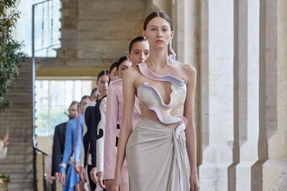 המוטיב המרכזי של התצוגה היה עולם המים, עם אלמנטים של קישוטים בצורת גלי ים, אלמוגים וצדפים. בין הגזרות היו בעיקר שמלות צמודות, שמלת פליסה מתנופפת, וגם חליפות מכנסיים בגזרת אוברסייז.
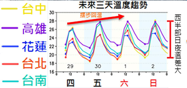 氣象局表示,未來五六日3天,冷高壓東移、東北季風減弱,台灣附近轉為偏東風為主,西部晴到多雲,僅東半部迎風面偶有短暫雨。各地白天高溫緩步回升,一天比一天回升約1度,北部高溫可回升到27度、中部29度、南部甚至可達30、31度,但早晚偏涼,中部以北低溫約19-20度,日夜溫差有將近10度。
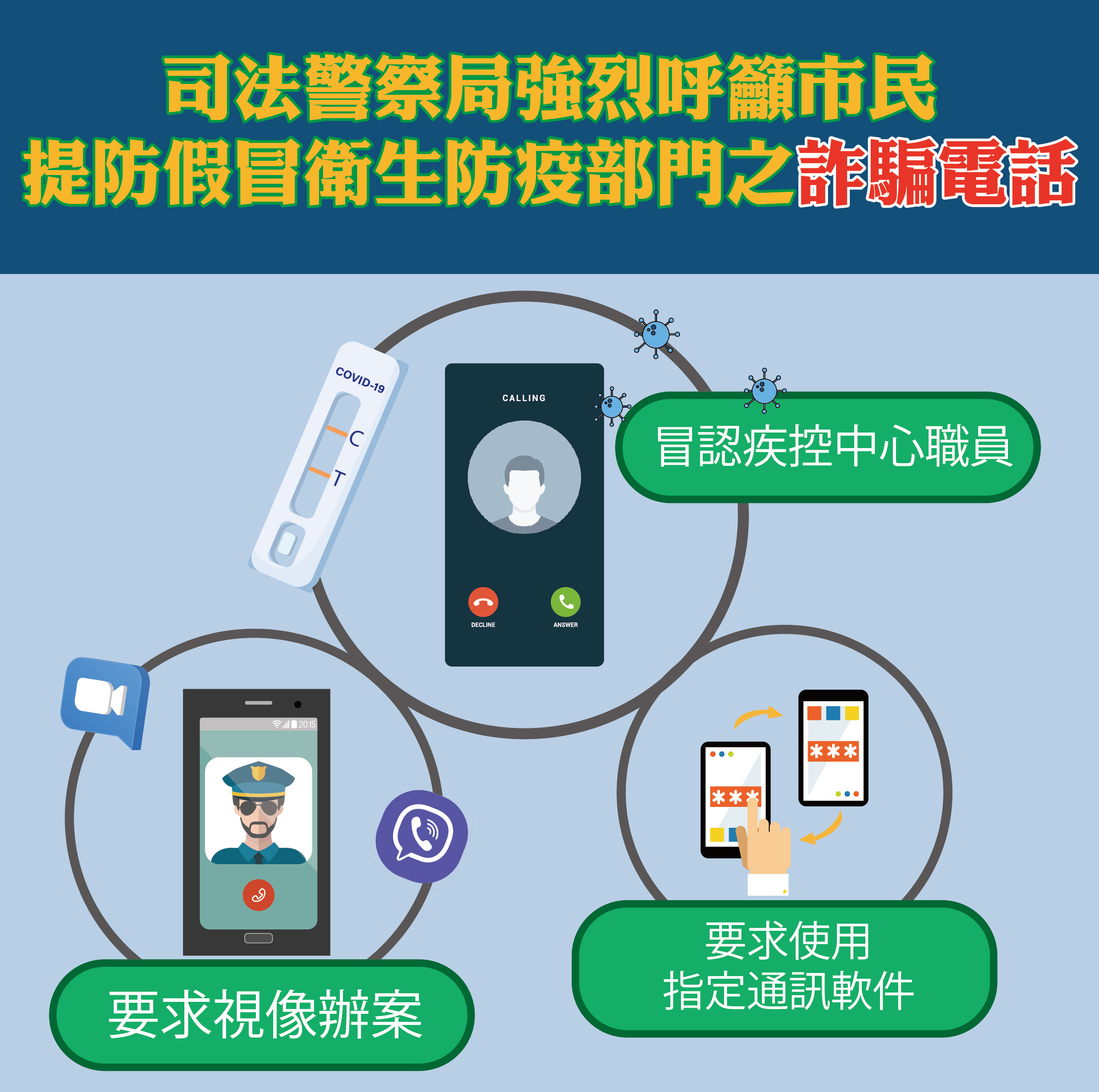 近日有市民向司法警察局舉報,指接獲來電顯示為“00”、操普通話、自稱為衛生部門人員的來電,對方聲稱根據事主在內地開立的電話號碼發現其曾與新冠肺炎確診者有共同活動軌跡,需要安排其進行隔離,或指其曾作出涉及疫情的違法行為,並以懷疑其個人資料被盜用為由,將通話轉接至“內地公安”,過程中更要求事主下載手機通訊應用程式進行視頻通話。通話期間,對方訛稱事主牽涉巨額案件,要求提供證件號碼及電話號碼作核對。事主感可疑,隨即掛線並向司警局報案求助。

▸ **ACTION ITEM**
Only the pictures are dropped when you print the material; everything else is copied exactly.

▸ **FINAL ANSWER**
 המוטיב המרכזי של התצוגה היה עולם המים, עם אלמנטים של קישוטים בצורת גלי ים, אלמוגים וצדפים. בין הגזרות היו בעיקר שמלות צמודות, שמלת פליסה מתנופפת, וגם חליפות מכנסיים בגזרת אוברסייז.
 氣象局表示,未來五六日3天,冷高壓東移、東北季風減弱,台灣附近轉為偏東風為主,西部晴到多雲,僅東半部迎風面偶有短暫雨。各地白天高溫緩步回升,一天比一天回升約1度,北部高溫可回升到27度、中部29度、南部甚至可達30、31度,但早晚偏涼,中部以北低溫約19-20度,日夜溫差有將近10度。
 近日有市民向司法警察局舉報,指接獲來電顯示為“00”、操普通話、自稱為衛生部門人員的來電,對方聲稱根據事主在內地開立的電話號碼發現其曾與新冠肺炎確診者有共同活動軌跡,需要安排其進行隔離,或指其曾作出涉及疫情的違法行為,並以懷疑其個人資料被盜用為由,將通話轉接至“內地公安”,過程中更要求事主下載手機通訊應用程式進行視頻通話。通話期間,對方訛稱事主牽涉巨額案件,要求提供證件號碼及電話號碼作核對。事主感可疑,隨即掛線並向司警局報案求助。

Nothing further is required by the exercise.